🤖 AI Summary
Addressing the growing need for automated scientific and engineering discovery, this work tackles the challenge of integrating quantum computing resources with artificial intelligence and human expertise. Method: We propose Quantum CAE—a novel framework enabling synergistic innovation among human scientists, AI systems, and quantum hardware. It introduces the first quantum–AI co-design architecture for engineering automation, featuring specialized AI agents capable of quantum algorithm design, and integrates quantum algorithms (e.g., QAOA, VQE) with hybrid quantum–classical optimization, AI agent orchestration, and scientific workflow automation. Contributions/Results: (1) We establish the Quantum CAE paradigm; (2) empirically demonstrate quantum speedup on combinatorial optimization tasks; (3) develop a scalable, quantum-enhanced CAE prototype pipeline; and (4) formalize a tripartite “human–AI–quantum” collaborative research paradigm, providing both theoretical foundations and practical pathways for automated scientific discovery.
📝 Abstract
Recent advances in artificial intelligence (AI) and quantum computing are accelerating automation in scientific and engineering processes, fundamentally reshaping research methodologies.

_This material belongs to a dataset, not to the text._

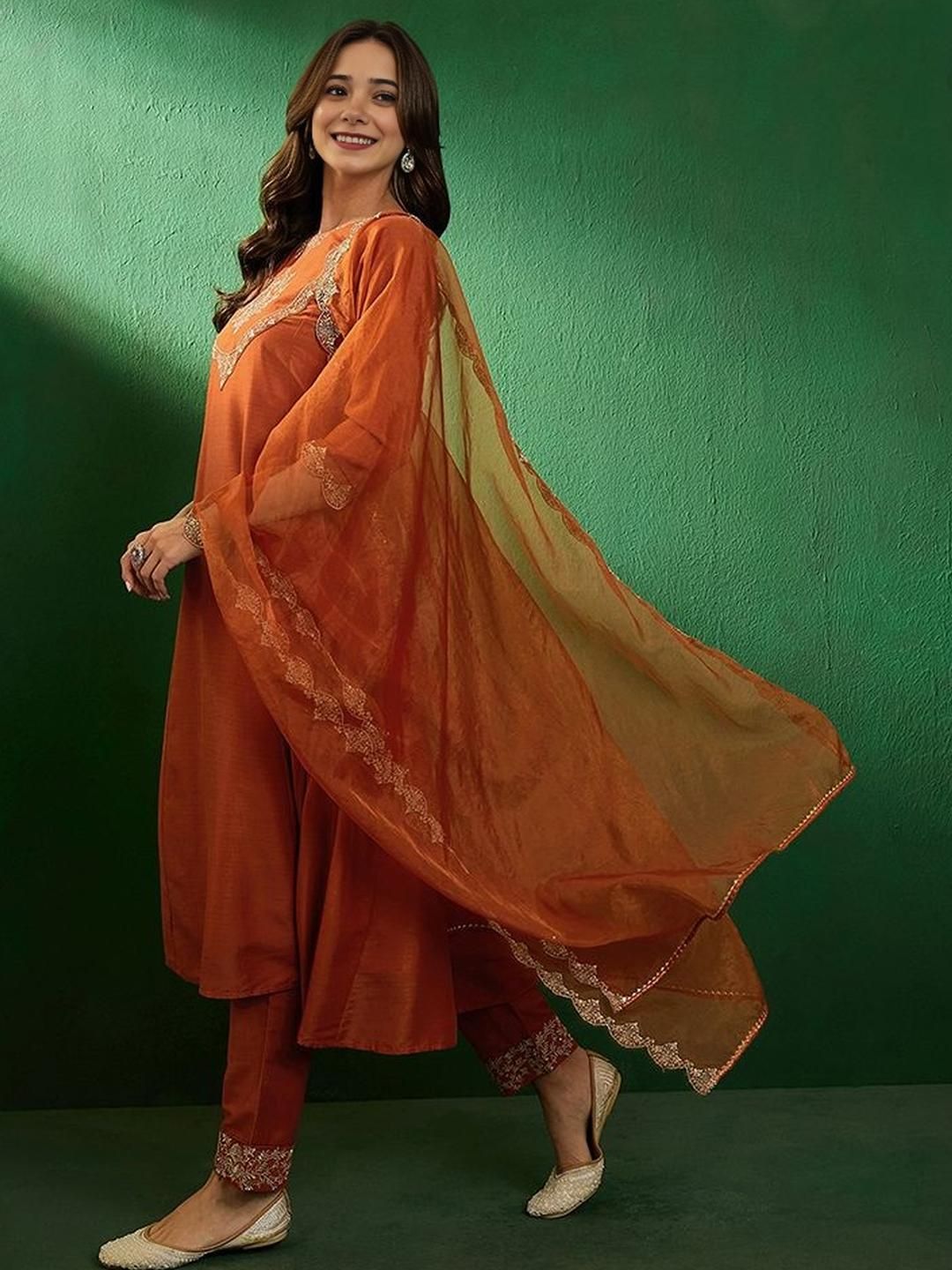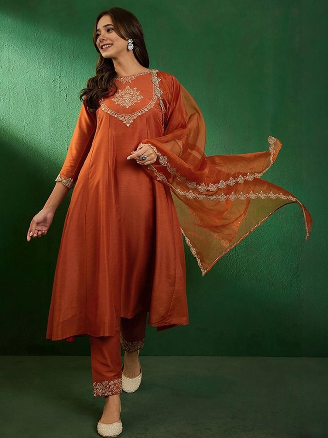 CaniBani Women Silk Blend Embroidered Kurta Sets

This perspective highlights parallels between scientific automation and established Computer-Aided Engineering (CAE) practices, introducing Quantum CAE as a framework that leverages quantum algorithms for simulation, optimization, and machine learning within engineering design. Practical implementations of Quantum CAE are illustrated through case studies for combinatorial optimization problems. Further discussions include advancements toward higher automation levels, highlighting the critical role of specialized AI agents proficient in quantum algorithm design. The integration of quantum computing with AI raises significant questions about the collaborative dynamics among human scientists and engineers, AI systems, and quantum computational resources, underscoring a transformative future for automated discovery and innovation.